Minggu, 10 Oktober 2021

Mawar Risti

 Risti baru saja pulang dari les sore di sekolahnya Mawar Risti
Cernak: Andi D Handoko
Risti gres saja pulang dari les sore di sekolahnya. Setiba di beranda rumah, Risti murka-marah. Pot bunga mawarnya pecah, tanahnya berhamburan ke mana-mana. Bunga mawar di hadapannya mulai layu. Ia nyaris menangis.
Risti mengundang ibu yang sedang berada di dapur dengan teriakan keras.
“Ibu...! Ibu...!”
“Ada apa Risti, kok manggil Ibu dengan teriak-teriak?” Ibunya tiba dengan buru-buru.
“Ini Bu...!”
“Lho...kok mampu hingga pecah begitu?”
“Mana Risti tahu, Ibu yang seharusnya tahu kenapa pot ini mampu pecah.”
“Ibu dari tadi sibuk di dapur, menyelesaikan pesanan katering.”
“Uuuhhh...” keluh Risti memberikan kekesalannya.
“Risti, sebentar ya, Ibu ke dapur dahulu, takut tempe gorengnya gosong.”
Risti merapikan pot bunganya yang berhamburan di lantai. Dito datang. Sepertinya dia habis bermain bola. Ia pun menerima pertanyaan dari kakaknya.
“Dit, kamu tahu kenapa pot bunga ini pecah?”
“Tiii..ti..tidak tahu Kak, Dito kan baru saja bermain bola,” jawab Dito agak nervous.
“Beneran?”
“Benar,” jawab Dito sambil masuk ke dalam rumah.
Risti sungguh menyayangi bunga mawarnya. Padahal baru tiga hari yang kemudian dia mempunyai bunga mawar itu. Pot sekaligus bunga mawar itu merupakan hadiah ulang tahun dari sahabat-teman sekolahnya. Ia masih ingat, di hari ulang tahunnya yang ke-10 itu, teman-temannya berkata biar memelihara bunga itu dengan baik. Melihat pot dan bunga mawarnya acak-acakan, Risti menjadi sedih.
Sementara itu, di balik jendela Dito mengamati kakaknya di luar. Risti mencoba mengganti pot yang pecah dengan kaleng bekas. Di tanamnya kembali bunga mawar itu biar tidak kian layu dan mati. Tiba-tiba Dito ikut merasa duka. Sebenarnya beliau tahu kenapa pot bunga itu terjatuh dan pecah. Tapi beliau takut berkata yang bantu-membantu pada kakaknya.
Esok harinya, Dito tidak masuk sekolah karena sakit. Dokter telah memeriksanya. Kata dokter Dito sakit demam. Badannya sangat panas. Ia perlu banyak istirahat. Ia mesti teratur minum obat. Padahal Dito paling tidak senang minum obat.
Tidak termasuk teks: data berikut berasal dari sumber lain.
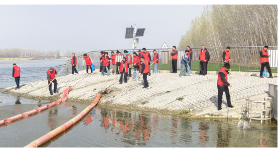 在现场,党员志愿者们身着红马甲,手持清洁工具,分组对取水口沿岸展开细致巡查。大家俯身捡拾散落在堤岸上的塑料瓶、包装袋等废弃物,并利用长柄渔网打捞水面漂浮的枯枝杂物。一弯碧波旁,跃动的“志愿红”成为河岸线上一道亮丽的风景,生动诠释了“护水先锋”的责任与担当。
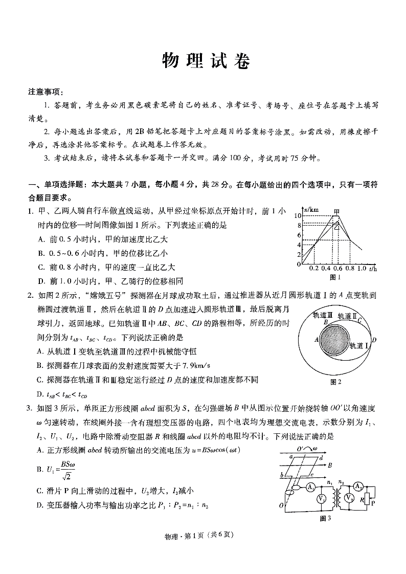 重庆市巴蜀中学2024-2025学年下学期高三适应性月考卷(五)物理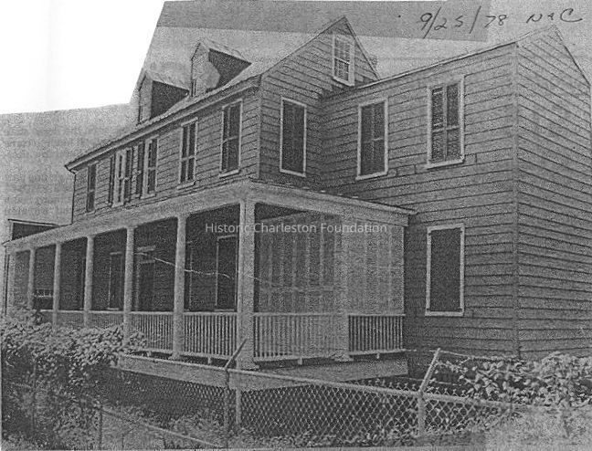 Constructed before 1788. Built by Basile Lanneau, a tanner and currier, this 2½ story frame single house formerly stood at 34 St. Philip Street. It was moved by the Preservation Society of Charleston in 1974 to prevent its destruction for a city parking garage. (A new garage and retail stores replaced the original garage in the early 2000s.) By coincidence, the house Lanneau built on St. Philip Street is now across the street from several houses that were also built by Lanneau and his family. (Tour Guide Manual, 2011)

Rasanya pahit. Namun Dito mesti minum obat.
Sepulang sekolah, Risti disuruh ibu untuk mempertahankan adiknya. Ia disuruh untuk menyuapi adiknya. Tapi sebelum itu, beliau ganti baju dan meluangkan untuk menyiram bunga mawarnya.
Risti menyuapi adiknya dengan tabah. Badan Dito masih agak panas.
“Bagaimana bunga mawarmu Kak?”
“Sudah mulai segar lagi Dit, untuk saja kemarin Kakak cepat menanamnya kembali dalam kaleng bekas.”
“Maafin Dito ya Kak!”
“Lho kok datang-tiba Dito minta maaf, emangnya ada apa?”
“Sebenarnya Dito yang menjatuhkan pot bunga Kak Risty. Kemarin waktu Dito sendirian bermain bola di halaman, tak sengaja bola Dito menyenggol pot itu.”
Sejenak Risti diam dengan pengukuhan Dito. Kemudian tersenyum kembali.
“Kenapa kemarin membiarkan pot itu dan tidak berterus terperinci terhadap Kakak?”
“Dito takut untuk berterus terperinci.”
“Ya telah, nggak apa-apa, Dito sudah minta maaf dan berkata jujur. Besok-besok dilarang bohong. Memendam kebohongan malah jadi sakit begini.”
“Kak Risti tidak murka?”
“Buat apa Kak Risty marah. Kak Risty sayang Dito. Sekarang yang lebih penting adalah kesembuhan Dito.”
“Terima kasih Kak.”
Mereka berpelukan

Dimuat di Solopos, Minggu 1 November 2009.